**SUPPLIED MATERIAL**
==========
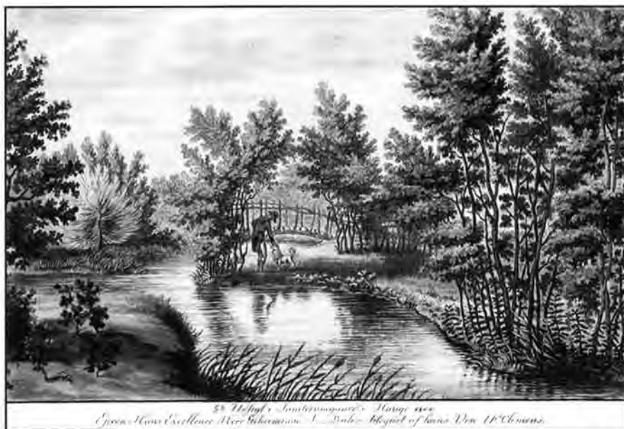
I.F. Clemens: 6te Udsigt i Sanderumgaard's Hauge 1800. Mål 10,5×16,6 cm. Formentlig Bülow med hund. Under alle omstændigheder midt i havens ro og fred.
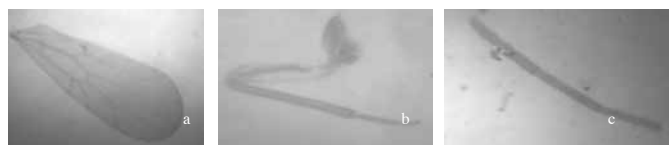
Gambar 2. Bagian tubuh yang diidentifikasi pada famili Pachytroutidae. a. Sayap depan (Pembesaran 10x40), b. Tungkai (Pembesaran 10x40), c. Antena (Pembesaran 10x40).

Genus Tapinella Enderlein. Kepala berwarna gelap, antena terdiri atas 14 ruas, berwarna coklat terang, mata hitam. Ukuran IO/D = 4,6 µm. Panjang sayap depan 146 µm, panjang sayap belakang 118 µm. Sayap depan hyalin dan agak tebal pada vena R 1 , sayap belakang hyalin . Jumlah ctenidia 26, panjang coxa 20 µm warna coklat, trochanter 8 µm, femur 39 µm, tibia 53 µm, tarsus 27 µm dengan 3 segmen dan berwarna coklat terang. Tapinella Enderlein memiliki ciri yang berbeda dengan spesimen yang diidentifikasi yaitu pertemuan antara vena radial subcosta dan vena radial pertama berbentuk persegi atau tidak runcing seperti pada vena anggota Psocoptera lainnya. Spesies yang ditemukan di Nusa Penida memiliki ciri-ciri yang sama yaitu pada venasi sayap dari spesies Tapinella spinosa .
==========
**ABOUT THIS TASK**
Only the lines from the top of the material through the line containing "Gambar 2. Bagian" should be written out, exactly and without pictures.

**ANSWER FOR THE TASK**
I.F. Clemens: 6te Udsigt i Sanderumgaard's Hauge 1800. Mål 10,5×16,6 cm. Formentlig Bülow med hund. Under alle omstændigheder midt i havens ro og fred.
Gambar 2. Bagian tubuh yang diidentifikasi pada famili Pachytroutidae. a. Sayap depan (Pembesaran 10x40), b. Tungkai (Pembesaran 10x40), c. Antena (Pembesaran 10x40).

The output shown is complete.